→ **INPUT RECORDS**
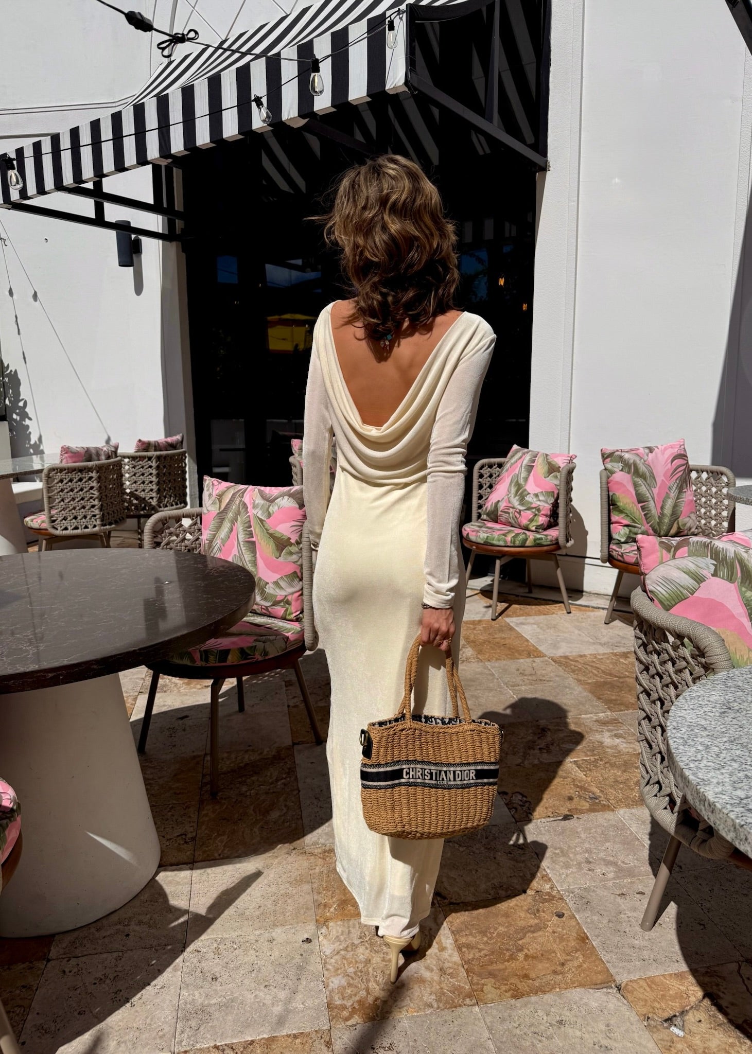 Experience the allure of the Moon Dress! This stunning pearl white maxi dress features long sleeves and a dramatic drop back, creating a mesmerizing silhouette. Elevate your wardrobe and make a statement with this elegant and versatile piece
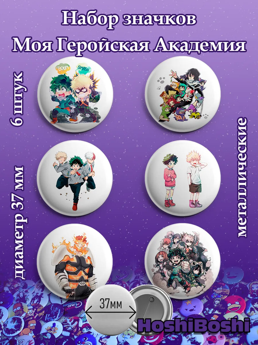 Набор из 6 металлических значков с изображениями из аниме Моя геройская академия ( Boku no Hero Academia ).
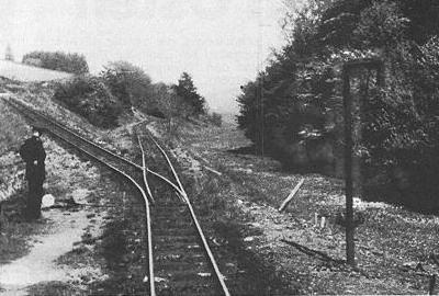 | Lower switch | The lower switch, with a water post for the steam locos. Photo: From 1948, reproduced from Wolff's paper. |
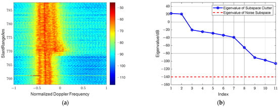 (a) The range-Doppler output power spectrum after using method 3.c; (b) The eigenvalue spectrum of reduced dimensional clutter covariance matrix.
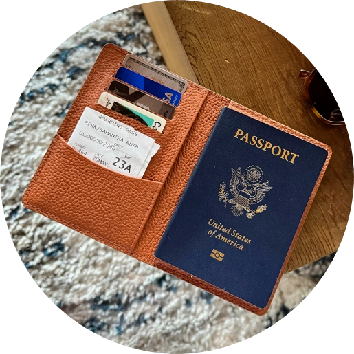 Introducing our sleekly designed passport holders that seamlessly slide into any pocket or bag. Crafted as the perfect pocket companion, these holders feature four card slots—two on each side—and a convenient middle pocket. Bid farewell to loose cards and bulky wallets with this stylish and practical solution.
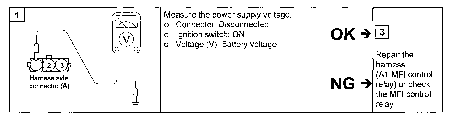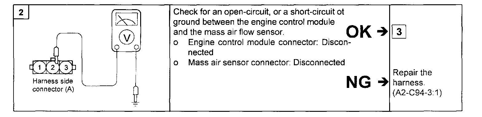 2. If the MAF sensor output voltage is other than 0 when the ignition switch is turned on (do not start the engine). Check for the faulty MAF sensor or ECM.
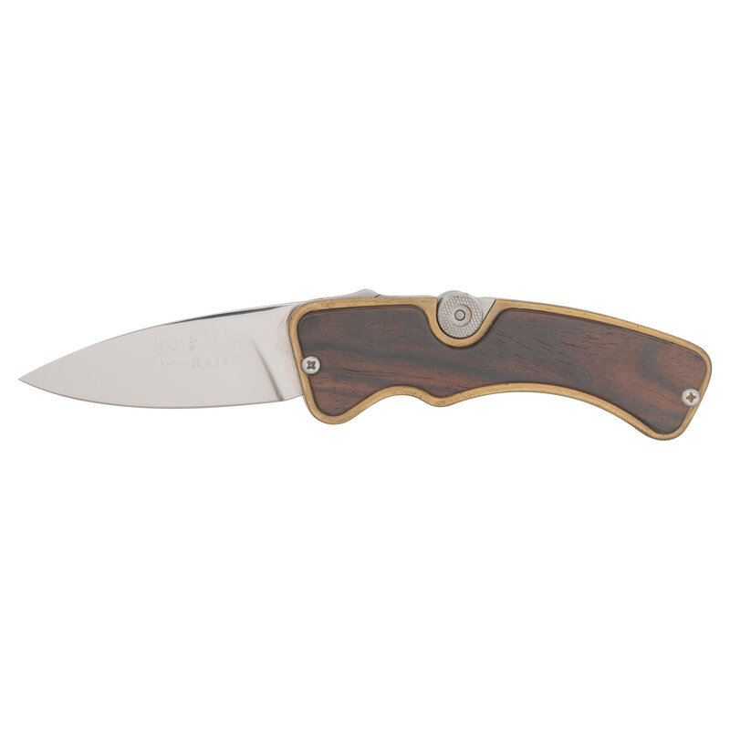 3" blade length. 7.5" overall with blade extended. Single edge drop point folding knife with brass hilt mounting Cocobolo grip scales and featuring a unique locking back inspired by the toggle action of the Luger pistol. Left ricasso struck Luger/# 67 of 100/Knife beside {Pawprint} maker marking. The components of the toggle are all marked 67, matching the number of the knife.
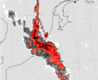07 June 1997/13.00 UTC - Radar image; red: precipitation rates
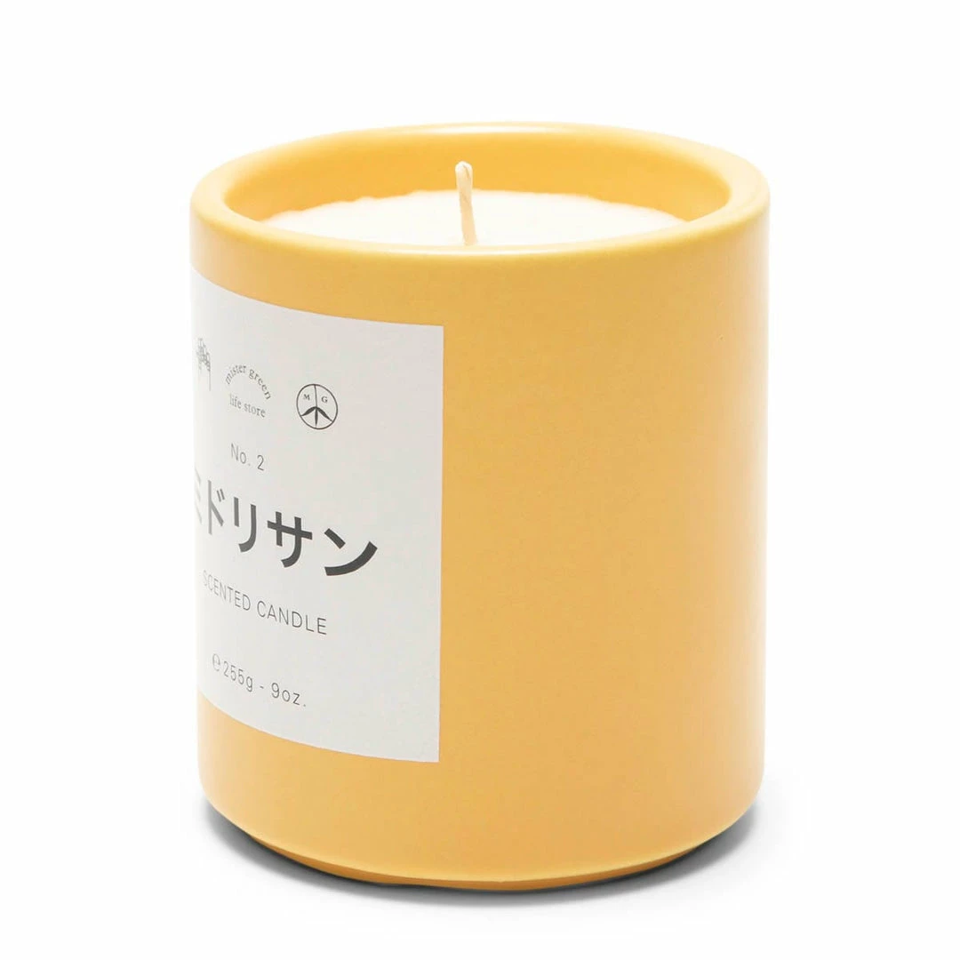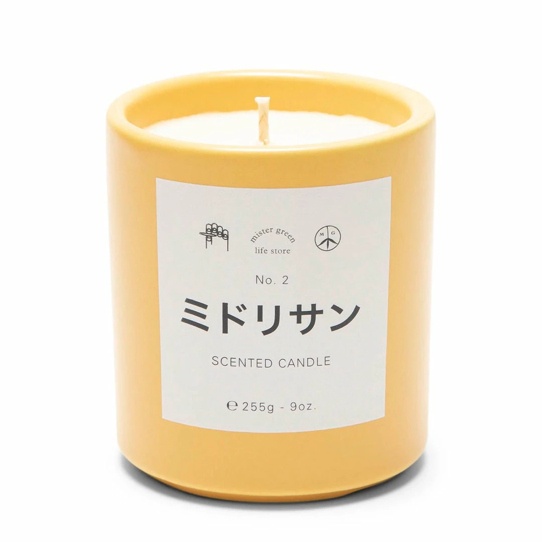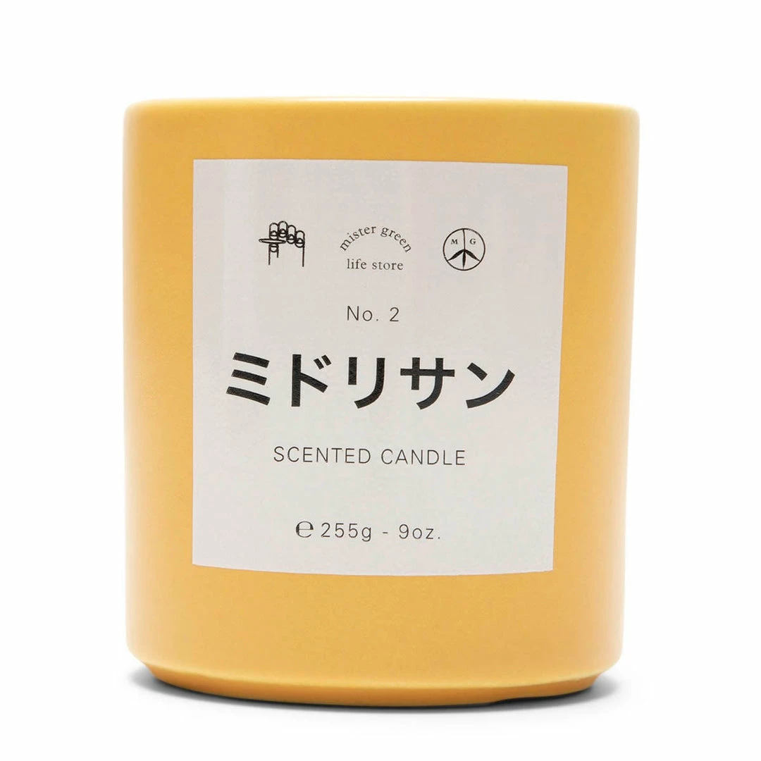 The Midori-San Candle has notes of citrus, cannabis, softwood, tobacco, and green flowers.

---

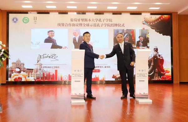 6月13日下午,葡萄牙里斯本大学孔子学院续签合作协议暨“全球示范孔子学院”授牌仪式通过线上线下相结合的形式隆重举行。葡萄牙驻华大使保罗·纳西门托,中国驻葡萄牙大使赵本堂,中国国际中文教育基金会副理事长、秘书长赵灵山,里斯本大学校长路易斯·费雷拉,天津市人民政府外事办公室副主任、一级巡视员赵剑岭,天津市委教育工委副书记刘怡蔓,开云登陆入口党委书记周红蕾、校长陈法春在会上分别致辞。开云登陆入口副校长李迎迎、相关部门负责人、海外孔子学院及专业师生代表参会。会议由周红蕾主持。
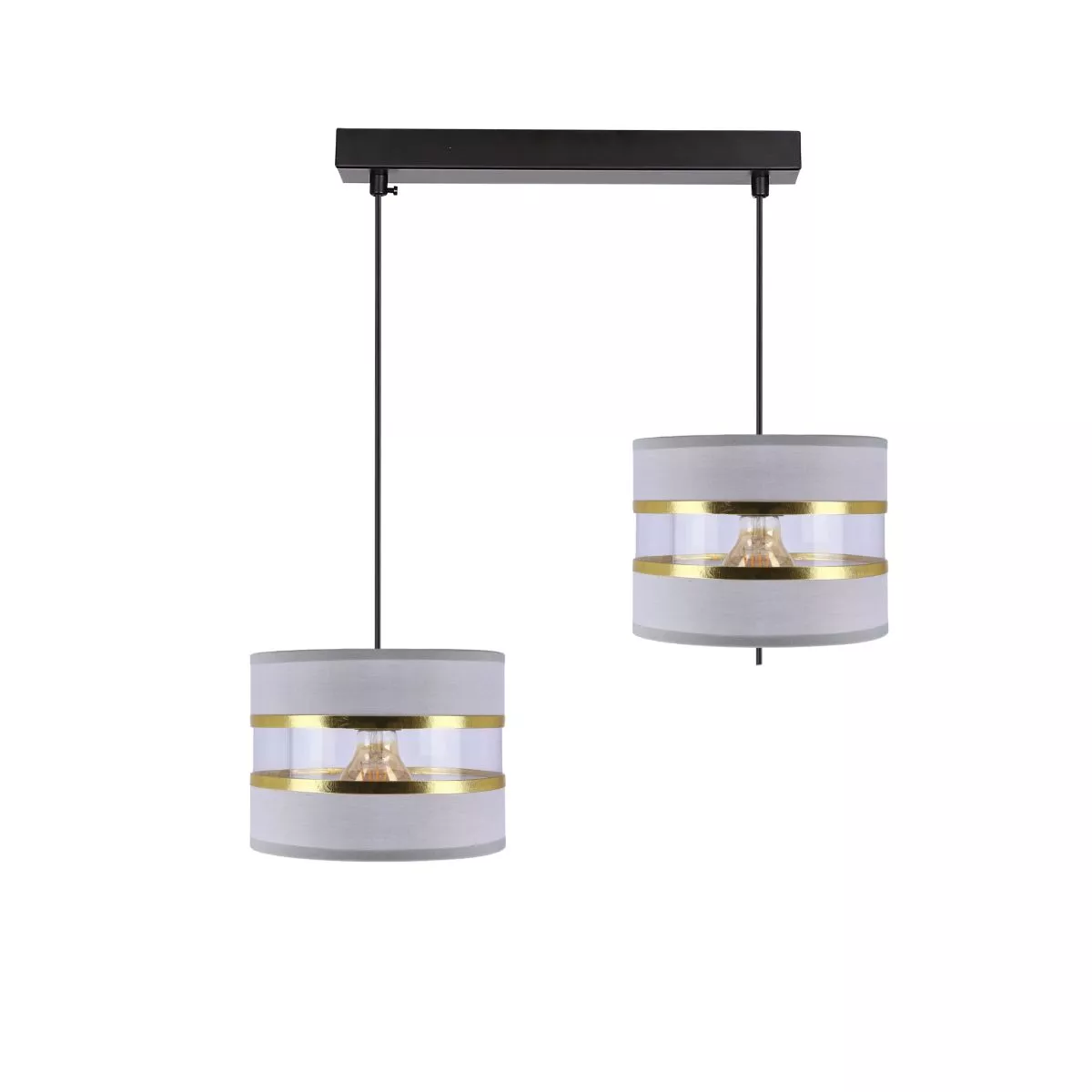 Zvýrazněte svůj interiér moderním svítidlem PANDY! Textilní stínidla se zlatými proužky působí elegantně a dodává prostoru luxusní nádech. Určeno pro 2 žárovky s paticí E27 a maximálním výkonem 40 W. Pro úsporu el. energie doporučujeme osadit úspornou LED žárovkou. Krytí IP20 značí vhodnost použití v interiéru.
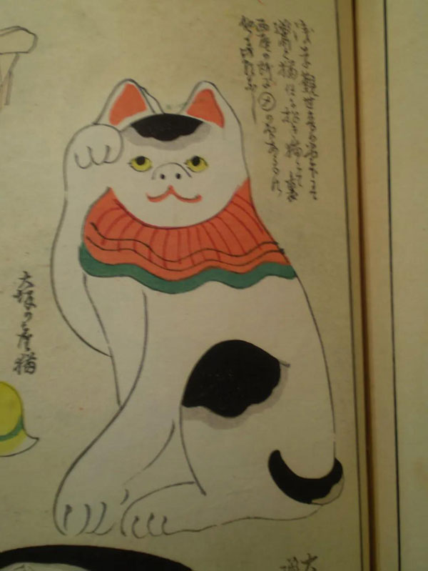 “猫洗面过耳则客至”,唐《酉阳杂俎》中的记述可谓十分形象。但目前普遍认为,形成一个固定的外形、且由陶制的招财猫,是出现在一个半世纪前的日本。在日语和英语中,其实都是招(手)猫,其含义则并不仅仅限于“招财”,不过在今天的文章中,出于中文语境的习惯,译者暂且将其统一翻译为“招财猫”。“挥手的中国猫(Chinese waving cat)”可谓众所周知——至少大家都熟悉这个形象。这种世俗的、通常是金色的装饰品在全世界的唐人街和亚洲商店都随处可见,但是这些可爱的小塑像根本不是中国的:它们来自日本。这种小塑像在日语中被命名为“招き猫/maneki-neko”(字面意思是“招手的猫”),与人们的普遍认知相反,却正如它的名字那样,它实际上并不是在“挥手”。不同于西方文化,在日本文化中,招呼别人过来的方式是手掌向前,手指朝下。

→ **AIM OF THE EXERCISE**
In the data above, find the line containing "Wolff's paper. |" and the line containing "2. If the MAF". Repeat those two lines and everything between them exactly, minus the pictures.

→ **EXPECTED ANSWER**
 | Lower switch | The lower switch, with a water post for the steam locos. Photo: From 1948, reproduced from Wolff's paper. |
 (a) The range-Doppler output power spectrum after using method 3.c; (b) The eigenvalue spectrum of reduced dimensional clutter covariance matrix.
 Introducing our sleekly designed passport holders that seamlessly slide into any pocket or bag. Crafted as the perfect pocket companion, these holders feature four card slots—two on each side—and a convenient middle pocket. Bid farewell to loose cards and bulky wallets with this stylish and practical solution.
 2. If the MAF sensor output voltage is other than 0 when the ignition switch is turned on (do not start the engine). Check for the faulty MAF sensor or ECM.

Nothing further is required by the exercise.